_RECORDED INFORMATION:_
[Start of Attachment]

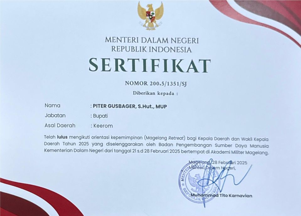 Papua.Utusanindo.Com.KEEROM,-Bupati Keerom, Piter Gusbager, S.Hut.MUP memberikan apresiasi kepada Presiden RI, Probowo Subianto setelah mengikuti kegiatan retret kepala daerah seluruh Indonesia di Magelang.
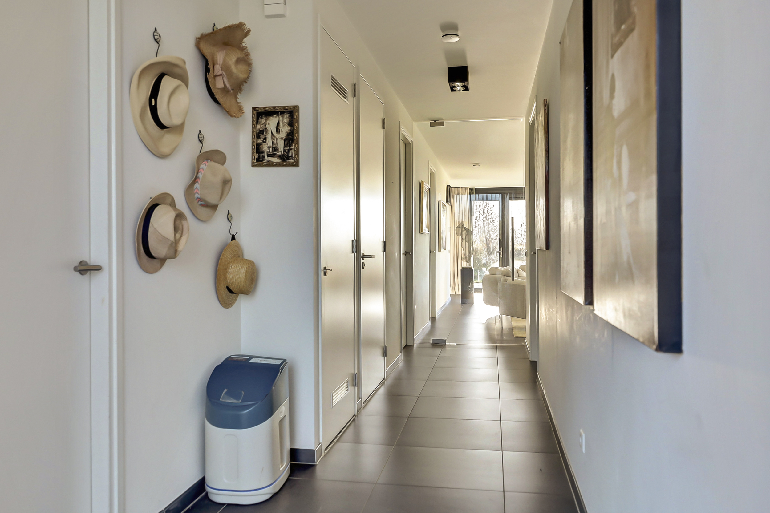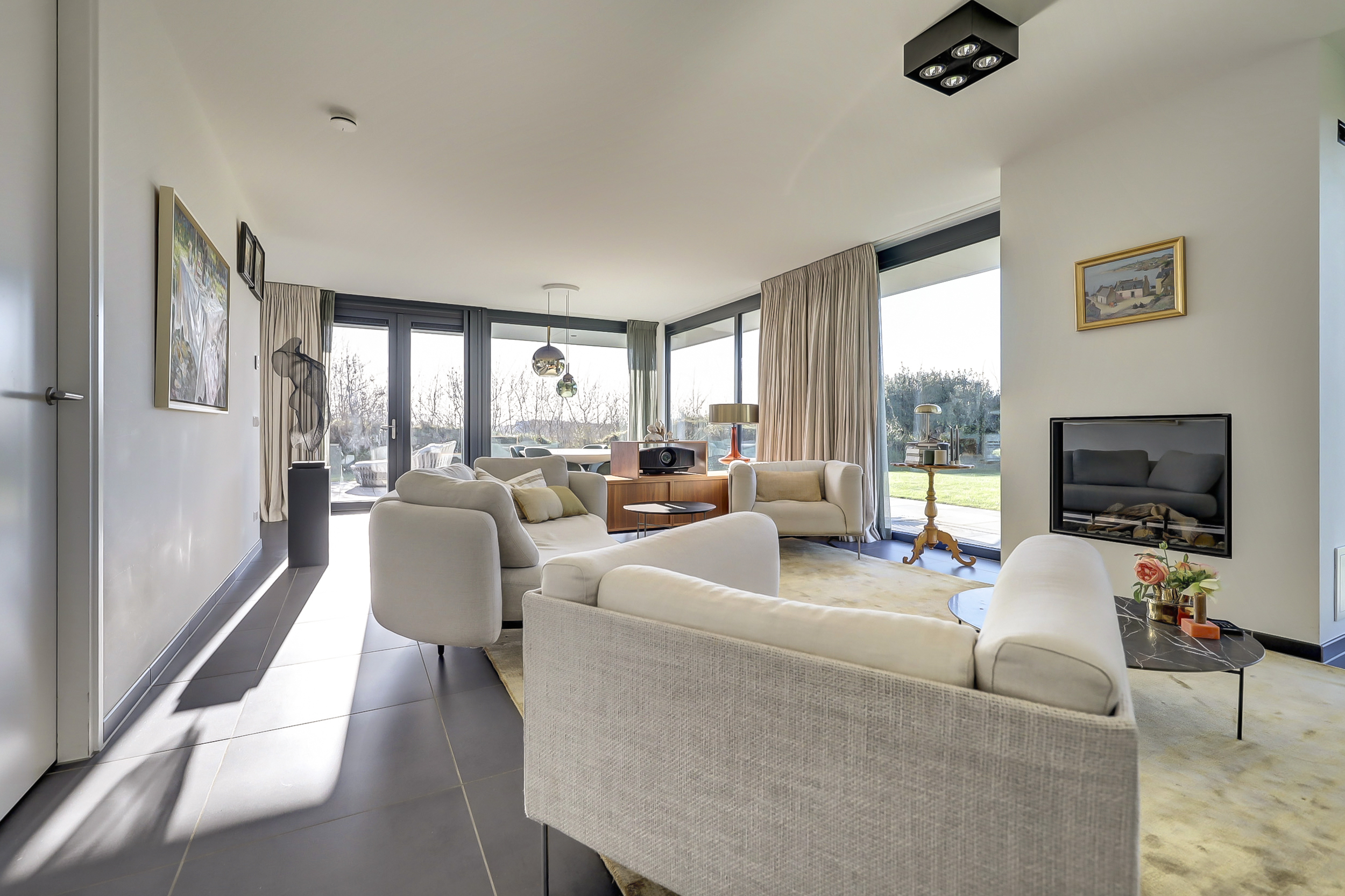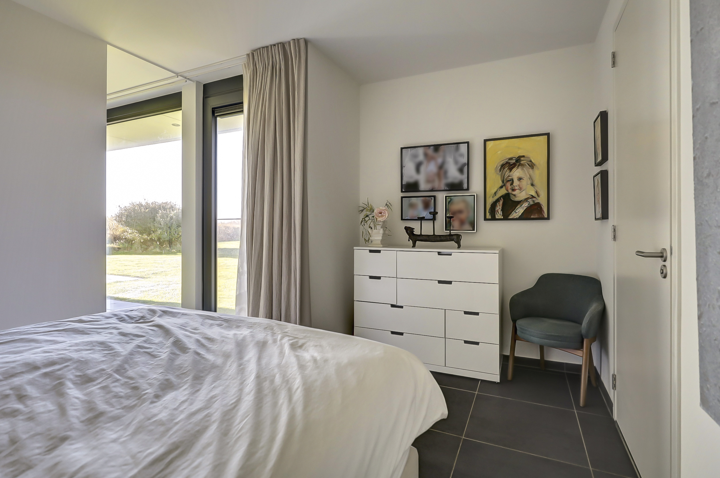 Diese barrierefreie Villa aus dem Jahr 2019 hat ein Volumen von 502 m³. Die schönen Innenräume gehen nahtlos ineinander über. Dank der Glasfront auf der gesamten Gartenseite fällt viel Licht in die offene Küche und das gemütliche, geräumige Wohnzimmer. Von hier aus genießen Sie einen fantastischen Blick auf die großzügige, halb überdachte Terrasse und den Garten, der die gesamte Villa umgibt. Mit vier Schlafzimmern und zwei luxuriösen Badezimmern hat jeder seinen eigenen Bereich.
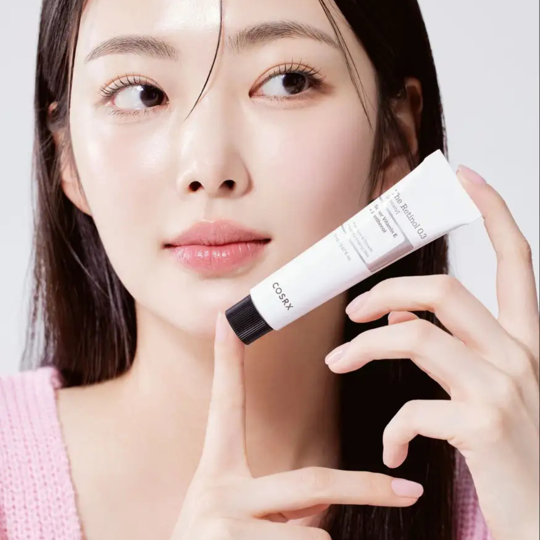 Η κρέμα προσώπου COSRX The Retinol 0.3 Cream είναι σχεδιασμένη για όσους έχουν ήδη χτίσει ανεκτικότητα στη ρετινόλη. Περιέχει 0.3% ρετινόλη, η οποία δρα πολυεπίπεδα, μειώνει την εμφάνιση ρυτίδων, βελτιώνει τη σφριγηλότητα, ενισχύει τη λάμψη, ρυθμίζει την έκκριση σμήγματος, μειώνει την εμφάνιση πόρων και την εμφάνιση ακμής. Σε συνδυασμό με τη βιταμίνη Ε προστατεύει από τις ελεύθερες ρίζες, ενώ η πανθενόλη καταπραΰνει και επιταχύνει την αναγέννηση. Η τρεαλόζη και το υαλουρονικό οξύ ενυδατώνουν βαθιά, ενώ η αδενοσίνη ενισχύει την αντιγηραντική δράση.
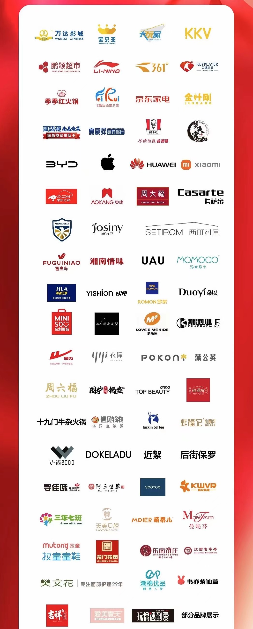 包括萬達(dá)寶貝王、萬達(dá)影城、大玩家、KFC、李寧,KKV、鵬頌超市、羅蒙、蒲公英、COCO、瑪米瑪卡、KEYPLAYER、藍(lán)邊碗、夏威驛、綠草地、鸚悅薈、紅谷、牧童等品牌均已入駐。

[End of Attachment]

_TASK OBJECTIVE:_ A faithful copy of all the data above is required, printed exactly and with no pictures.

_SOLUTION FOR THIS TASK:_
 Papua.Utusanindo.Com.KEEROM,-Bupati Keerom, Piter Gusbager, S.Hut.MUP memberikan apresiasi kepada Presiden RI, Probowo Subianto setelah mengikuti kegiatan retret kepala daerah seluruh Indonesia di Magelang.
 Diese barrierefreie Villa aus dem Jahr 2019 hat ein Volumen von 502 m³. Die schönen Innenräume gehen nahtlos ineinander über. Dank der Glasfront auf der gesamten Gartenseite fällt viel Licht in die offene Küche und das gemütliche, geräumige Wohnzimmer. Von hier aus genießen Sie einen fantastischen Blick auf die großzügige, halb überdachte Terrasse und den Garten, der die gesamte Villa umgibt. Mit vier Schlafzimmern und zwei luxuriösen Badezimmern hat jeder seinen eigenen Bereich.
 Η κρέμα προσώπου COSRX The Retinol 0.3 Cream είναι σχεδιασμένη για όσους έχουν ήδη χτίσει ανεκτικότητα στη ρετινόλη. Περιέχει 0.3% ρετινόλη, η οποία δρα πολυεπίπεδα, μειώνει την εμφάνιση ρυτίδων, βελτιώνει τη σφριγηλότητα, ενισχύει τη λάμψη, ρυθμίζει την έκκριση σμήγματος, μειώνει την εμφάνιση πόρων και την εμφάνιση ακμής. Σε συνδυασμό με τη βιταμίνη Ε προστατεύει από τις ελεύθερες ρίζες, ενώ η πανθενόλη καταπραΰνει και επιταχύνει την αναγέννηση. Η τρεαλόζη και το υαλουρονικό οξύ ενυδατώνουν βαθιά, ενώ η αδενοσίνη ενισχύει την αντιγηραντική δράση.
 包括萬達(dá)寶貝王、萬達(dá)影城、大玩家、KFC、李寧,KKV、鵬頌超市、羅蒙、蒲公英、COCO、瑪米瑪卡、KEYPLAYER、藍(lán)邊碗、夏威驛、綠草地、鸚悅薈、紅谷、牧童等品牌均已入駐。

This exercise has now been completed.